Watching the early part of the game, the saying of the great American writer, Mark Twain, came into my head: ‘Rumours of Dublin’s demise have been greatly exaggerated!’

Ciarán Kilkenny was magnificent again in that first half. Such a team player. A really awesome footballer.

Brian Fenton’s catch in the first half was straight from the Gods. One that the great Brian Mullins would have been proud of.

And he made another wonderful catch in the second half. When the pressure was at its height.

Dublin were very much on the front foot in that first half. But in fairness to James Horan, he just didn’t stand and watch it all unfold.

He took action. But by starting Kevin McLoughlin, he had one ace that he couldn’t call on.

Yet he made a big call – replacing his captain, Aidan O’Shea (inset). And there was further concern for the Mayo fans when Eoghan McLaughlin had to go off with that unfortunate injury.

In the second half, there was always going to be a kick in Mayo. Dublin knew that. They would have prepared for that.

But I felt if Dublin could stay in charge in the first ten to twelve minutes of the second half, then the job was done.

But Mayo were brilliant after half-time. They showed such spirit. They turned the game on its head. They reminded me of the great Tyrone team, who always excelled in the second half of matches.

But Dublin’s scoring return after the interval, and in the extra-time, was poor. That wasn’t the form of All-Ireland champions.

Yet it developed into a thriller. And what a fabulous spectacle it was.
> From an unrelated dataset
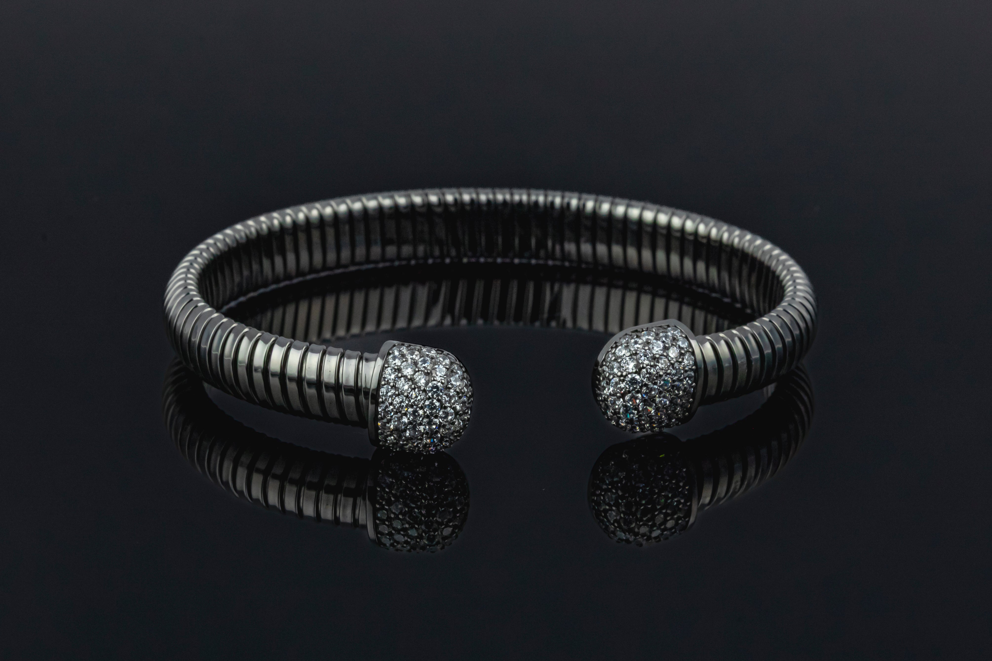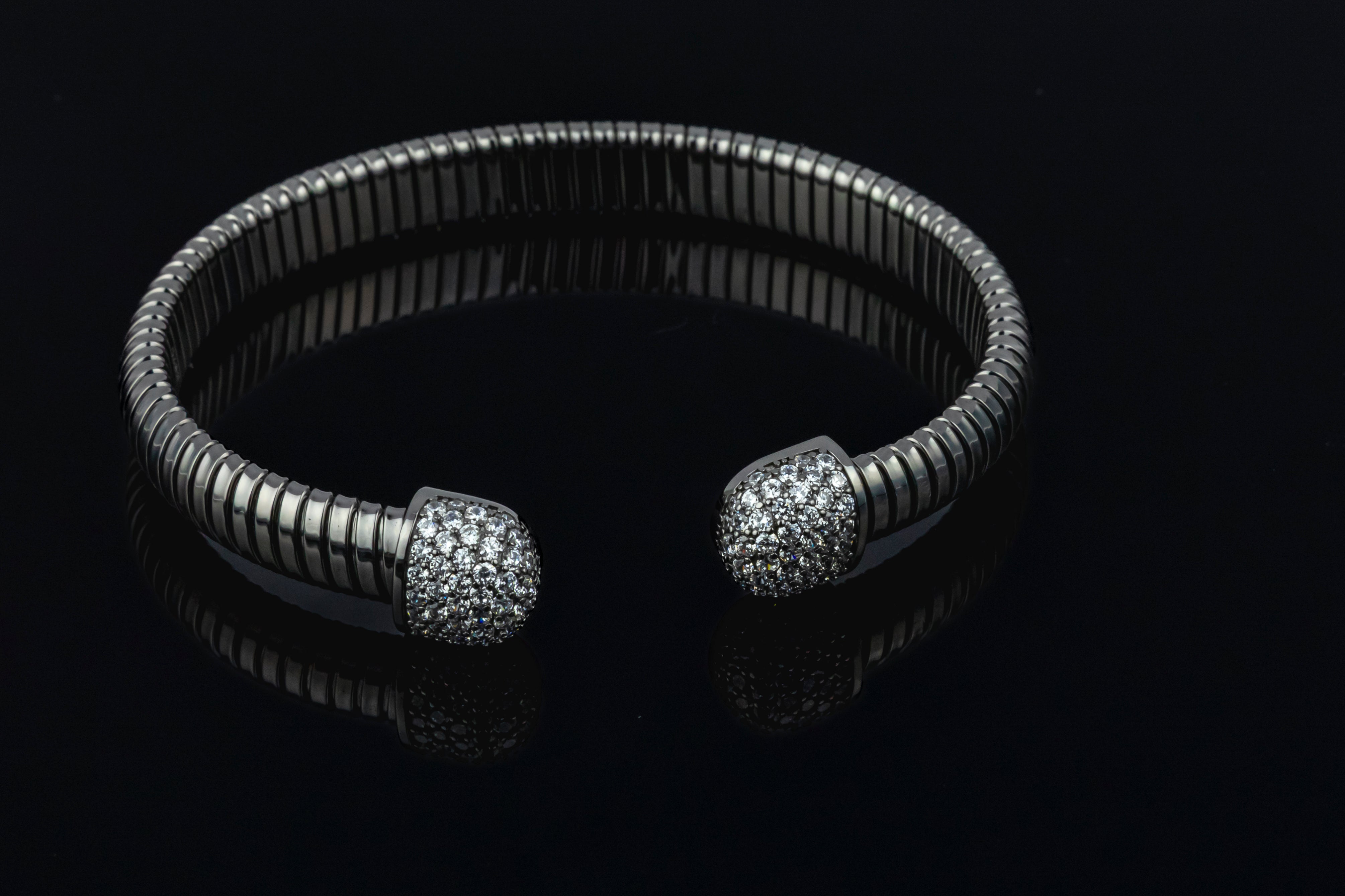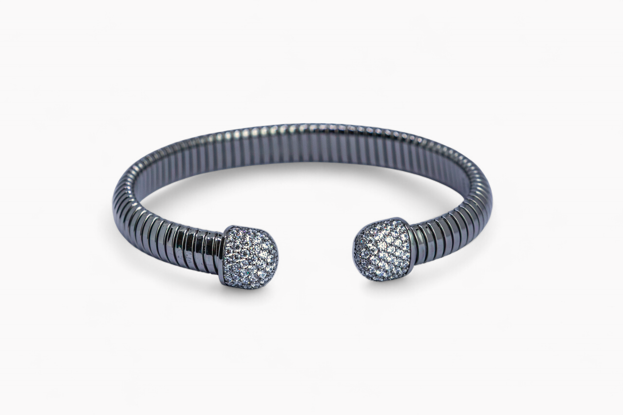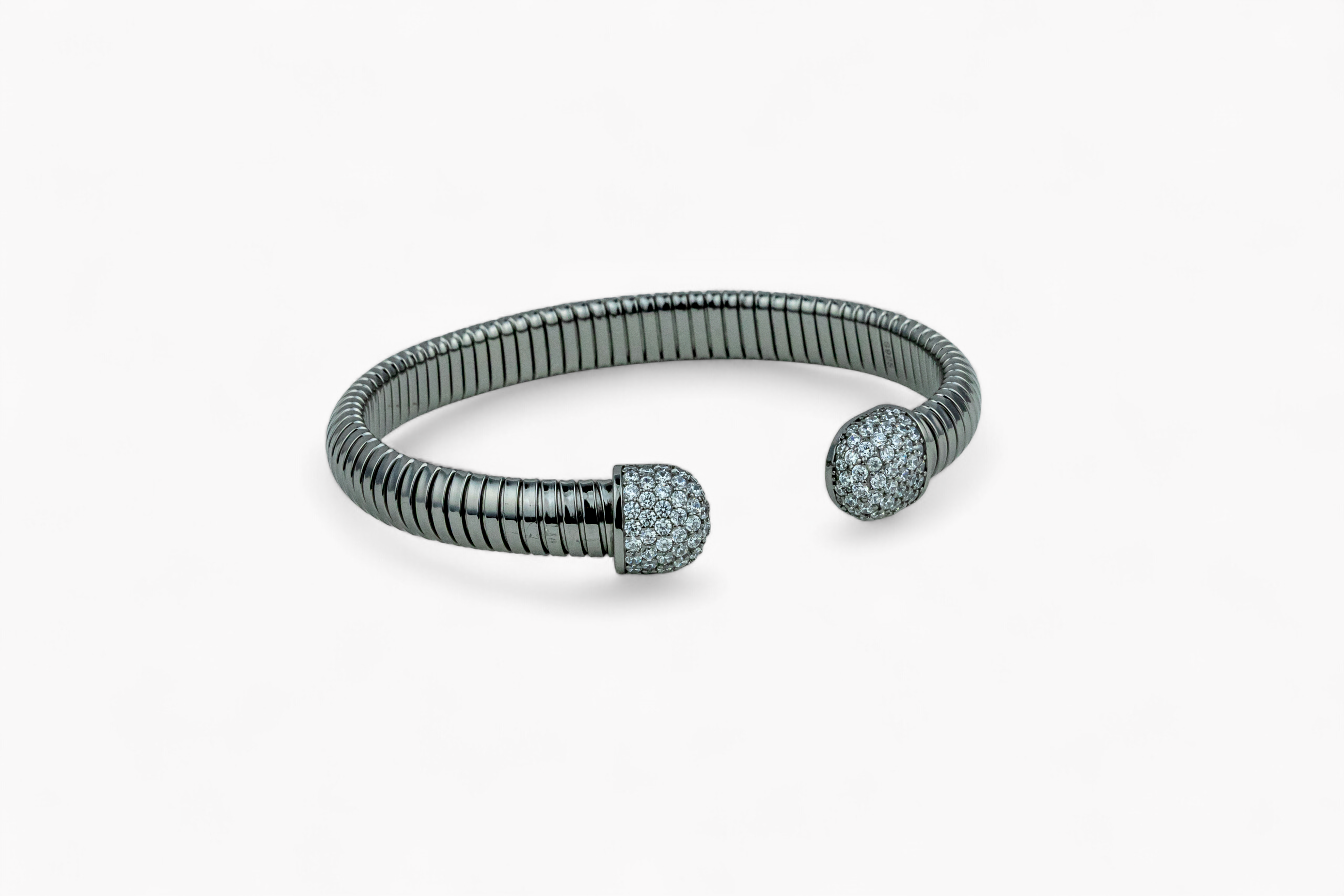 this is a bold, silver-toned Tubogas cuff bangle featuring a flexible, ribbed band and decorative end caps entirely covered with sparkling pavé stones.

Such fantastic commitment by amateur sportsmen. And it was so good to see the crowd back on the Hill again. ‘Come on You Boys in Blue’ lifted my heart.

Mayo finished on the up. And they were lifted again by the sight of Aidan O’Shea coming back on.

The Jim Gavin era was exceptional. I don’t think Jim, his management and the players got the praise they deserved.

And then, after the five-in-a-row, Dessie Farrell comes in. It was like stepping into the boots of Alex Ferguson.

But Dessie, quietly and without any fuss, guided the team to another All-Ireland title.

Dublin owe football nothing. No team has given the game more. But fair play to Mayo.

They just keep climbing back up off the canvas.